While we try to avoid canceling jobs the following events would merit job cancellation:

  • Emergency Security Event/Patches
    • Cluster is shut down immediately up to and including killing all active jobs depending on the severity of the incident.
  • Urgent Security Patching
    • Login nodes will be closed and the cluster will be shutdown after all 2-day or less jobs complete, jobs 2 days or longer will be terminated.
  • Scheduled Maintenance
    • We will communicate the approximate date well in advance and give 2 weeks notice. The maintenance reservation will ensure jobs less than 7 days will complete in time.

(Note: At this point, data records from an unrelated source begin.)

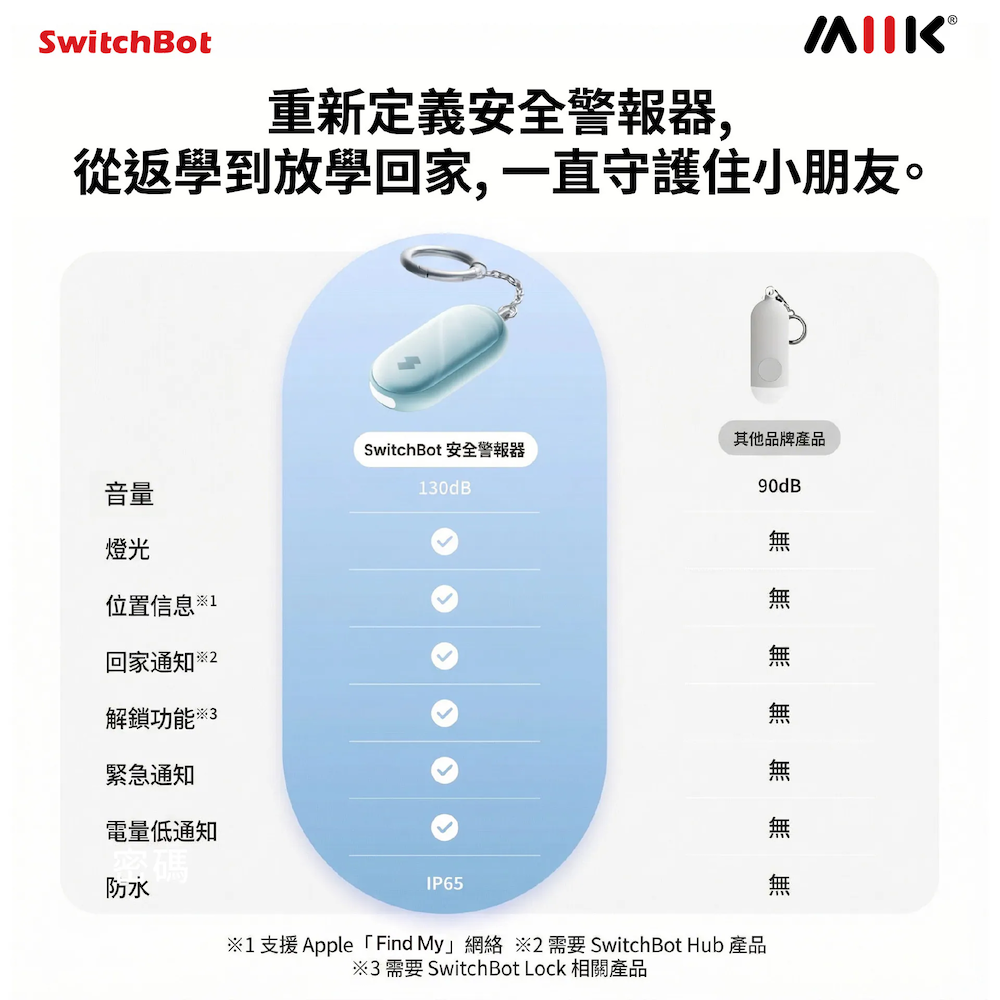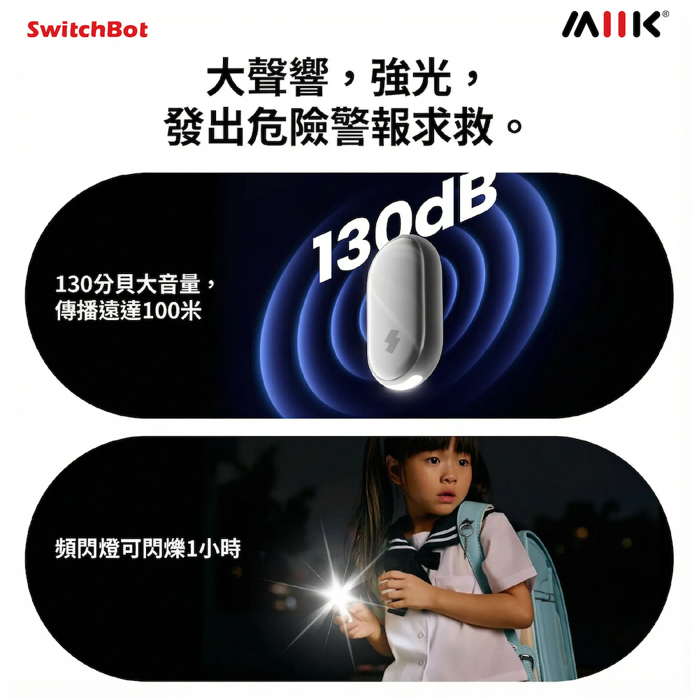SwitchBot - Safety Alarm 安全警報器內建高亮度頻閃燈和130分貝超響警報 Works With Apple Find My
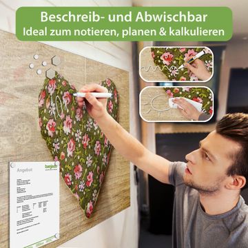 Auf der glatten Glasoberfläche lassen sich Termine, Rezepte oder Notizen ganz einfach mit Kreidestiften festhalten und rückstandslos entfernen. Starke Neodym-Magnete halten Ihre wichtigsten Erinnerungen sicher an Ort und Stelle. So entsteht Ihre ganz persönliche Ideenwand - jeden Tag neu.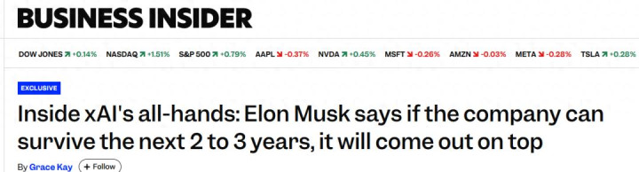 多位了解会议情况的知情人士透露,马斯克向员工表示:如果公司能够在未来两到三年内“生存下来”,xAI 最终将击败所有竞争对手,成为全球最强大的AI公司!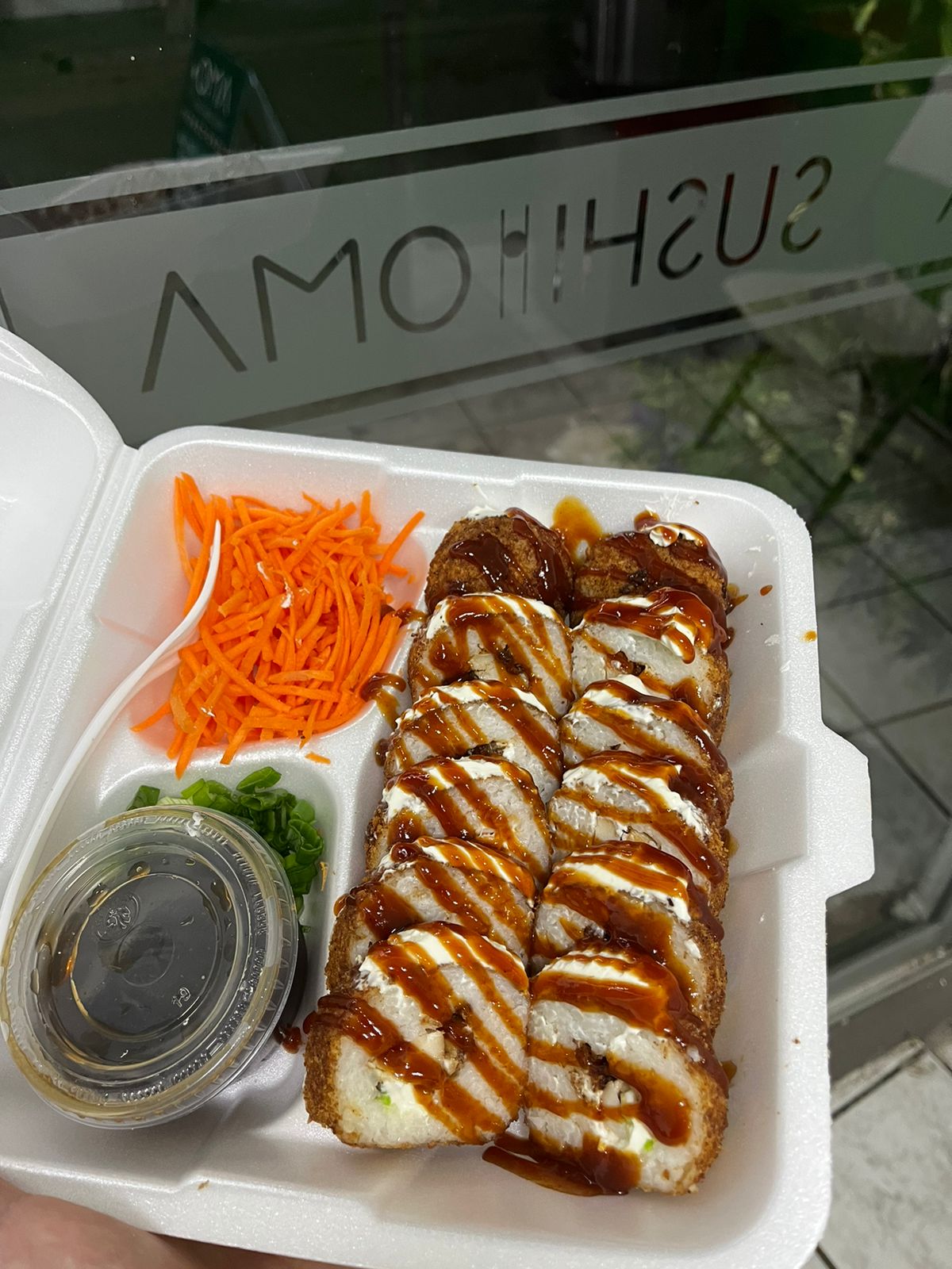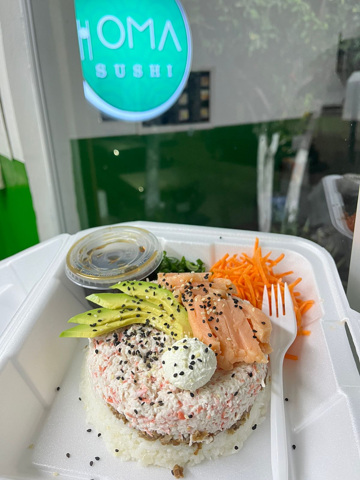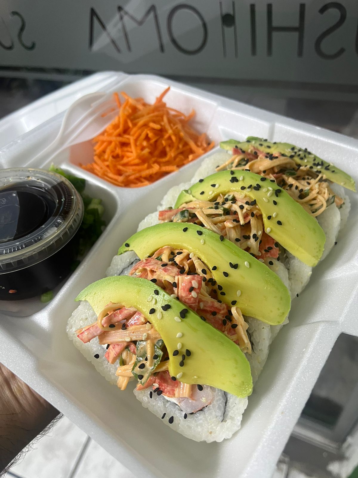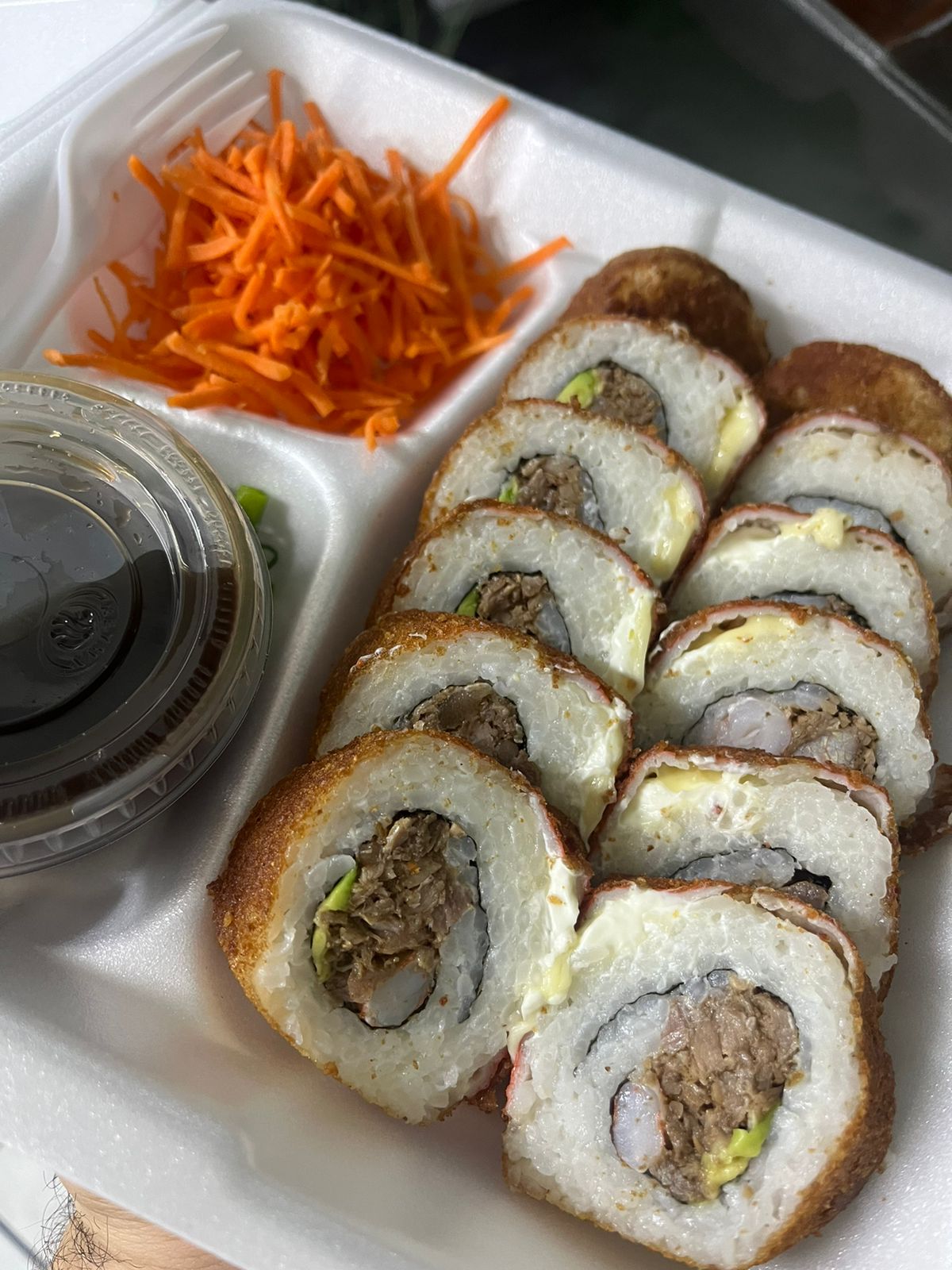 Cangrejo, camarón y Philadelphia. Por fuera: tampico, aguacate, bañado de salsa de anguila y ajonjolí.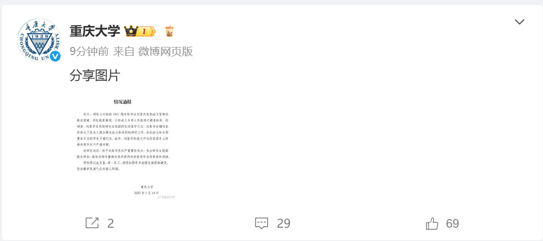 重庆大学微博截图

Any long serial jobs will be terminated.

Available Partitions

Partition Name Time Limit Nodes Cores (per node*) Cores (total) Memory in Gigabytes (per node*) Memory in Gigabytes(total) Processors
General 04:00:00 172 24+ 5636 122+ 46873 Intel(R) Xeon(R) CPU E5-2670 v3 @ 2.30GHz, Intel(R) Xeon(R) CPU E5-2680 v4 @ 2.40GHz
Interactive 04:00:00 5 24+ 144 251+ 1515 Intel(R) Xeon(R) CPU E5-2695 v2 @ 2.40GHz, Intel(R) Xeon(R) CPU E7-4850 v2 @ 2.30GHz
Serial 2-00:00:00 1 64 64 1025 1025 AMD EPYC 7601 32-Core Processor
Dtn 2-00:00:00 2 16+ 36 66+ 188 Intel(R) Xeon(R) CPU X5550 @ 2.67GHz, Intel(R) Xeon(R) CPU E5-2660 v3 @ 2.60GHz
Gpu 02:00:00 15 16+ 284 122+ 1837 Intel(R) Xeon(R) CPU E5-2630 v3 @ 2.40GHz, Intel(R) Xeon(R) CPU E5-2660 v3 @ 2.60GHz
BioCompute 2-00:00:00 37 56 2072 509 18853 Intel(R) Xeon(R) CPU E5-2680 v4 @ 2.40GHz
Lewis 2-00:00:00 135 24+ 3564 122+ 28020 Intel(R) Xeon(R) CPU E5-2670 v3 @ 2.30GHz, Intel(R) Xeon(R) CPU E5-2680 v4 @ 2.40GHz
htc4 2-00:00:00 37 56 2072 509 18853 Intel(R) Xeon(R) CPU E5-2680 v4 @ 2.40GHz
hpc5 2-00:00:00 33 40 1320 379 12516 Intel(R) Xeon(R) Gold 6138 CPU @ 2.00GHz
hpc6 2-00:00:00 62 48 2976 379+ 23502 Intel(R) Xeon(R) Gold 6252 CPU @ 2.10GHz
hpc4rc 2-00:00:00 36 28 1008 251 9055 Intel(R) Xeon(R) CPU E5-2680 v4 @ 2.40GHz
hpc4 2-00:00:00 45 28 1260 251+ 11318 Intel(R) Xeon(R) CPU E5-2680 v4 @ 2.40GHz
hpc3 2-00:00:00 54 24 1296 122+ 7646 Intel(R) Xeon(R) CPU E5-2670 v3 @ 2.30GHz
z10ph-hpc3 2-00:00:00 32 24 768 122 3920 Intel(R) Xeon(R) CPU E5-2670 v3 @ 2.30GHz
s2600tpr-hpc4 2-00:00:00 4 28 112 251 1006 Intel(R) Xeon(R) CPU E5-2680 v4 @ 2.40GHz
r640-hpc5 2-00:00:00 33 40 1320 379 12516 Intel(R) Xeon(R) Gold 6138 CPU @ 2.00GHz
r630-htc4 2-00:00:00 37 56 2072 509 18853 Intel(R) Xeon(R) CPU E5-2680 v4 @ 2.40GHz
r630-hpc4rc 2-00:00:00 36 28 1008 251 9055 Intel(R) Xeon(R) CPU E5-2680 v4 @ 2.40GHz
r630-hpc4 2-00:00:00 41 28 1148 251 10312 Intel(R) Xeon(R) CPU E5-2680 v4 @ 2.40GHz
r630-hpc3 2-00:00:00 22 24 528 122+ 3725 Intel(R) Xeon(R) CPU E5-2670 v3 @ 2.30GHz

Note:

  • *For 'Cores (per node)' and 'Memory (per node)', a '+' indicates a mixed environment. The number before the plus represents the minimum.